▶ **Source material**:
☆ ☆ ☆

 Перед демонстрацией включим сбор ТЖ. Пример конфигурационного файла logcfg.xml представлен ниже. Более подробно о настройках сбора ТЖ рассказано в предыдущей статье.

☆ ☆ ☆

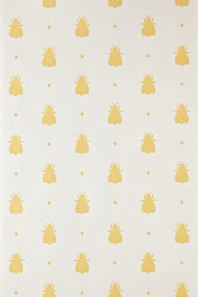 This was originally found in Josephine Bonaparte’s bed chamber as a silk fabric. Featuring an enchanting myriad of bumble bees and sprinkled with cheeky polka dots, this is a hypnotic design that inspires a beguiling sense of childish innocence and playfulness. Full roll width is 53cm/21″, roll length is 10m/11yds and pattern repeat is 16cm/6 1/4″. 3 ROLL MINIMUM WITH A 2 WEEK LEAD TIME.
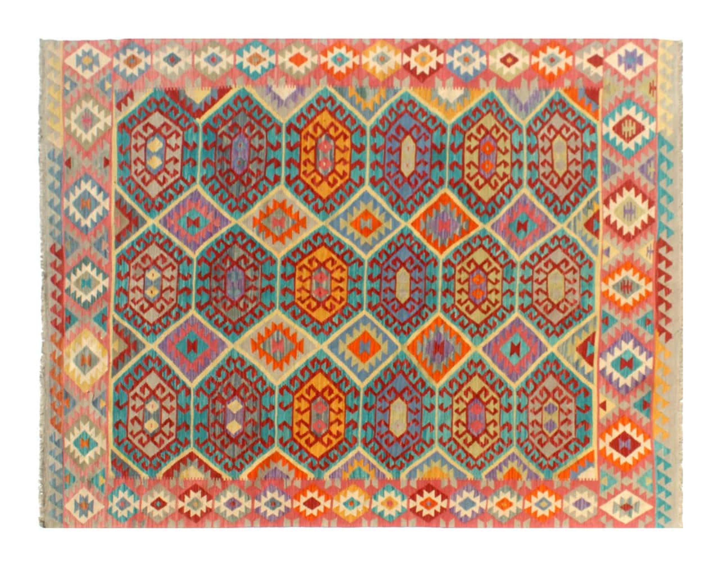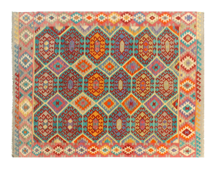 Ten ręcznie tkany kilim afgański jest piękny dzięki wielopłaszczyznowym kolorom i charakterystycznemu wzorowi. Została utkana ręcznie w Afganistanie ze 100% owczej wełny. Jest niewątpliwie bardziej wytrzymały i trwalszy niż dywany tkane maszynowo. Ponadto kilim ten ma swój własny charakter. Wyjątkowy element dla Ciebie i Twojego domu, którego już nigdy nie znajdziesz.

☆ ☆ ☆

▶ **Work to complete**: Copy exactly the lines of the entries above from the one containing "This was originally" through the one containing "Ten ręcznie tkany". Both end lines count; pictures do not.

▶ **Task result**:
 This was originally found in Josephine Bonaparte’s bed chamber as a silk fabric. Featuring an enchanting myriad of bumble bees and sprinkled with cheeky polka dots, this is a hypnotic design that inspires a beguiling sense of childish innocence and playfulness. Full roll width is 53cm/21″, roll length is 10m/11yds and pattern repeat is 16cm/6 1/4″. 3 ROLL MINIMUM WITH A 2 WEEK LEAD TIME.
 Ten ręcznie tkany kilim afgański jest piękny dzięki wielopłaszczyznowym kolorom i charakterystycznemu wzorowi. Została utkana ręcznie w Afganistanie ze 100% owczej wełny. Jest niewątpliwie bardziej wytrzymały i trwalszy niż dywany tkane maszynowo. Ponadto kilim ten ma swój własny charakter. Wyjątkowy element dla Ciebie i Twojego domu, którego już nigdy nie znajdziesz.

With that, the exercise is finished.